For this first Friday Prayer in Congregation in three months, I chose to bring a personally important prayer mat.

This simple thin red prayer mat has been with me for about twenty years.

I took it with me to Madinah and Makkah in 2011 and prayed on it there.

It came with me as I did my 30 Masjids in 30 Days of Ramadan Canada  in 2016.

The zig zag placing of physical distanced pre-marked prayer spots reminded me of Islamic Geometry.

Spots ahead and behind and left and right beside me remained empty.

Yet spots diagonally distant from me found worshippers sitting in place.

Normally the Imam instructs worshippers to stand shoulder to shoulder during prayer, and often times he requests worshippers to make space for late comers to the Sermon mid-way through delivering it.

Not today.


Before the Pandemic, we might be sitting thirty or even fifty worshippers per line.

Today’s physical distancing meant only eight  worshippers per line with two metres between each of them.

I counted about 100 worshippers in total were present inside the main prayer hall.

Pre-Pandemic, the Friday Lecture would be 30 to 40 minutes in length.

The Qhutbah, The Sermon, Dr. Imam Slimi delivered today was under ten minutes.

After three months, it was good to be able to donate cash in person towards upkeep of the masjid.

Volunteers walked through the aisle with the collection bag for contactless donations.

Imam Dr. Slimi delivered the Qhutbah, The Friday Sermon, as well as Adhan al Jumah, Call to The Friday Prayer.

One of the younger members of the Sayeda Khadija Centre community was the Imam today and he lead us in the Jumah Prayer.

That was it.

The Optional Sunnah Prayers were not to be done here, but at home instead.

Time to exit.

There were still two more Jumah Prayers scheduled after us.

The exit line was backing up into the main prayer hall, so my brother and I did not rush to leave.


Everyone observed Physical Distancing as best they could.

Sayeda Khadija Centre has announced they would now remain open to the public for ALL Five Daily Prayers, keeping all these safety protocols in place.

A look at the empty  prayer hall with prayer spots identified and ready for the next scheduled Jumah Prayer.

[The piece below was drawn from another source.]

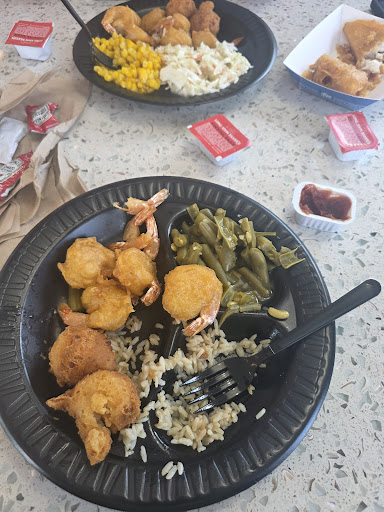 Mediocre in all categories. Maybe it was the timing or just a bad day for the crew. Maybe this is the norm. My first experience at this LJS. Were out of a lot of items between 7:30pm and 8pm. No Cole slaw, no salmon, no corn. I ordered a super sampler and it was short shrimp. Hush puppies and fries were dark and had a taste of burn and I didn't even want fries. My fish looked like the top was cut off, my crab cake looked old and was still cold in the center, and chicken was very small. My friend ordered salmon tacos, but settled for fish tacos since there was no salmon and an order of cheese bites. After I pay, I check the receipt and notice being charged for a fish taco meal. So I wait for the cashier. She ignores me. Her attention was on her man friend and kids and getting their orders done right, She then goes back there to make their food personally, beside her manager, that I guess had been on her break, because she was walked up eating. I knew it was her boss because she called her 'boss lady.' She then takes the lady, that came in behind a while after me, order. From the kitchen window. After she serves her family food, she comes to ring up the lady. Ignored me, even though she can see that I haven't moved and am obviously seeking her attention. She goes back to finish packing my order without acknowledging me. When she brings it, I addressed my issue of being rung up for A taco meal and only wanted the entree. She explains, "It only comes in a meal." Now I'm wondering why she didn't sub the fries for cheese bites. Before I can inquire and ask for my cup, she goes to talk to her man. If I wasn't on my 30 minute lunch break and didn't have any more time to wait, I would have chosen a refund and gone...

After all the Sisters had left,

The volunteer sister who was minding the secondary exit from the main prayer, invited my brother and I and the other brothers remaining to leave through that doorway instead.

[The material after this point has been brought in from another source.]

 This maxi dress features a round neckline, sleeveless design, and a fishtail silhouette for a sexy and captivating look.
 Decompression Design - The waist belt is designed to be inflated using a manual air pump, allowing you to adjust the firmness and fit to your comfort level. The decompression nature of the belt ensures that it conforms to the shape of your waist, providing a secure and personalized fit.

That saved us a lot of time, as other brothers had to wait due to physical distancing in the main exit line.

The large multi-use hall on the west side of the building might normally be bustling with voices and sounds of socializing amid smells of samosa and tea.

This afternoon found a rushed silence to exit the mostly empty building.

We exit Sayeda Khadija Centre and walk through the parking lot to the overflow area.


A look back to see people lining up to attend the Third of today’s Four  Friday Prayers and Sermon.

Turn around time for all that was about 40 minutes.

Half the total time a pre-Pandemic  Jumah might take.